Кир пожал плечами: что, мол, за нелепый вопрос?
— Я не путешественник, я проводник, могу помочь переместиться.
Я внимательно вглядывался в лица. Золотое — Алены, медное — Кира, голубое — Ветра. Горячая волна противоречивых чувств охватила меня. Что это — игра? Или на самом деле тот единственный случай, когда невозможное станет возможным? Торопясь, я назвал сегодняшнее число, но другой год и свой старый адрес: 24 мая 1944 года, Грохольский переулок.
— Делай, как я! Делай, как мы! — приказал Кир.
И вытянул руки вперед, сомкнув их «топориком». Остальные выстроились за ним цепочкой, положив руки друг другу на плечи. Кир — Алена — Ветер. Ветер указал мое место — за его спиной. Одной рукой я схватился за его плечо, в другой — держал костыль. Наша колонна медленно двинулась прямиком на забор с надписью: «Опасная зона. Идут строительные работы».
Я пялился на эти буквы, стараясь изо всех сил не упасть, не понимая, что должно произойти.
«Топорик» Кира прорезал дерево. Мы оказались по ту сторону забора.
— Теперь не болит? — раздался знакомый, участливый голос.
Как сквозь туман, разглядел я золотистое лицо Алены. Боже, что произошло, почему она так внезапно выросла? Чуть-чуть ниже меня. Да и Кир, и Ветрогон с меня ростом. Неужели?..
Я хлопнул себя по ноге, увидел на коленке заплатку и дико обрадовался: неужели это мои старые штаны, неужели я снова пятиклассник? Выросли не Алена и ее братья, я уравнялся с ними.
Ребята рассматривали меня с нескрываемым удивлением: как будто узнавали и не узнавали. И я объяснил им, что я — это я, только в возрасте одиннадцати лет, как и положено мне быть в сорок четвертом, а они — все те же самые. И находимся мы, по всей вероятности, там, куда стремились.

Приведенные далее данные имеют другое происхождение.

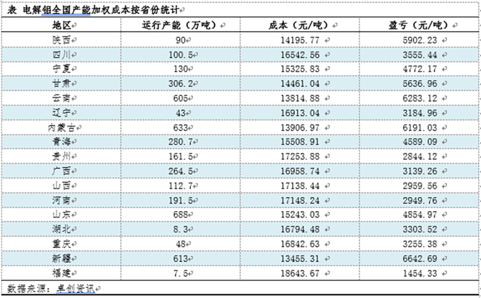 通过对比近两期中国电解铝成本比重变化,主要体现在氧化铝方面,原料氧化铝价格较上月上涨,电价变动不大,预焙阳极价格上涨,电解铝生产成本增加,而电解铝价格小幅上涨,涨幅小于成本增加幅度,企业利润空间再度缩窄。从卓创资讯跟踪的全国各省份的加权生产成本情况来看,成本最低的企业集中在新疆、内蒙古、云南地区,成本最高的是福建地区。

Это был до боли знакомый сквер. С тополями и липами, клумбой в центре, десятками сходящихся-расходящихся дорожек и вечной лужей у забора. Полуторки гремят деревянными бортами по булыжной мостовой, бодро вышагивает лошадь с телегой дров и возчиком. Вон серая «гробница» великолепного гастронома с десятком вкусных прилавков. Керосиновая лавка за углом. Новый шестиэтажный дом с роскошным лифтом. И море разного рода домишек, каждый из которых я знал до их внутренностей, как и все потаенные уголки — дворы, подъезды, лестницы, дырки в заборах.
— Не болит! — радостно объявил я новым друзьям. И подпрыгнул на месте — раз, другой, третий — и от души расхохотался. — Здорово вы придумали, братцы! Теперь буду командовать я...
— Это и есть Грохольский переулок? — спросил Кир, зорко вглядываясь.
— Наш, Грохольский, а то еще какой! — Я небрежно махнул рукой. — Налево, пожалуйста, кинотеатр «Перекоп», дальше Ботанический сад и больница Склифосовского. А направо живу я. Айда к нам во двор!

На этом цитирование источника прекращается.